(Beginning of Given data)
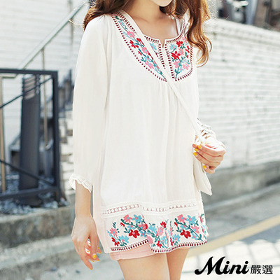 上衣 純棉寬鬆刺繡花朵蕾絲長袖上衣(有內襯)-Mini嚴選之前我就一直想買百貨公司的衣服,但一直找不到藉口為何要花較高的價格買百貨公司的衣服,直到網友Michael介紹我上網買了一件上衣 純棉寬鬆刺繡...
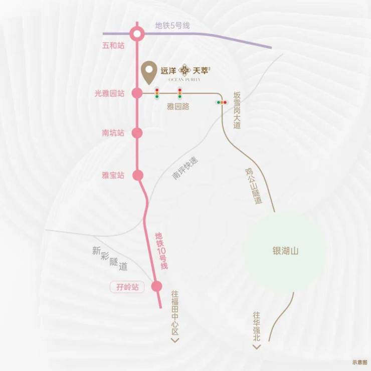 交通 楼下无缝连接10号线光雅园地铁站,3个站到福田岗厦,1站到五和转乘5号线2站到深圳北,半小小时内可直达前海,西丽,布吉等深圳中心区域。
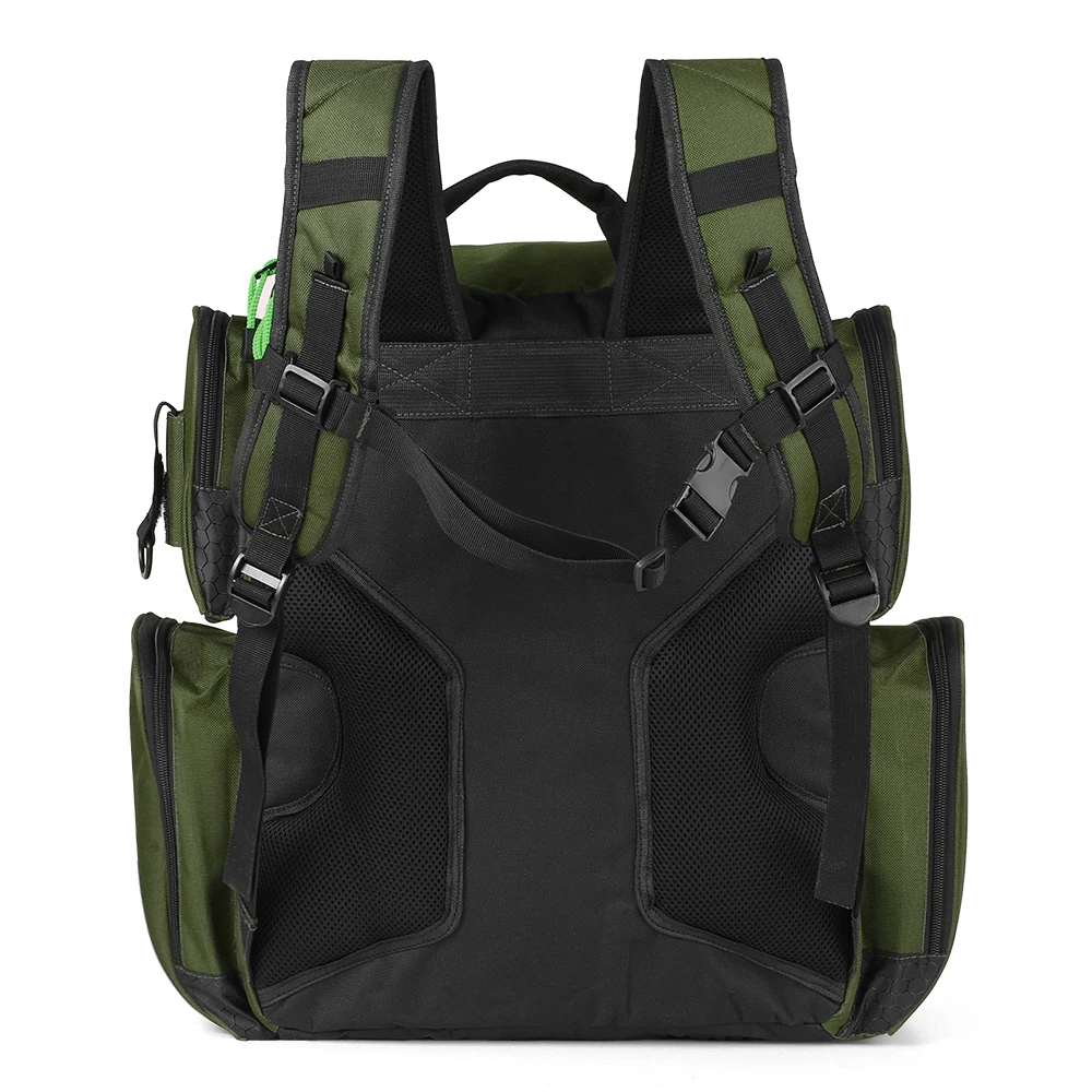 This fishing backpack has many compartments to keep your fishing lures and supplies well organized. It is water-resistant and anti-scratch, great fishing bag for all fishermen.
(End of Given data)
**Problem**
I'd like the material above repeated exactly, with the pictures omitted.

**Answer to the exercise**
 上衣 純棉寬鬆刺繡花朵蕾絲長袖上衣(有內襯)-Mini嚴選之前我就一直想買百貨公司的衣服,但一直找不到藉口為何要花較高的價格買百貨公司的衣服,直到網友Michael介紹我上網買了一件上衣 純棉寬鬆刺繡...
 交通 楼下无缝连接10号线光雅园地铁站,3个站到福田岗厦,1站到五和转乘5号线2站到深圳北,半小小时内可直达前海,西丽,布吉等深圳中心区域。
 This fishing backpack has many compartments to keep your fishing lures and supplies well organized. It is water-resistant and anti-scratch, great fishing bag for all fishermen.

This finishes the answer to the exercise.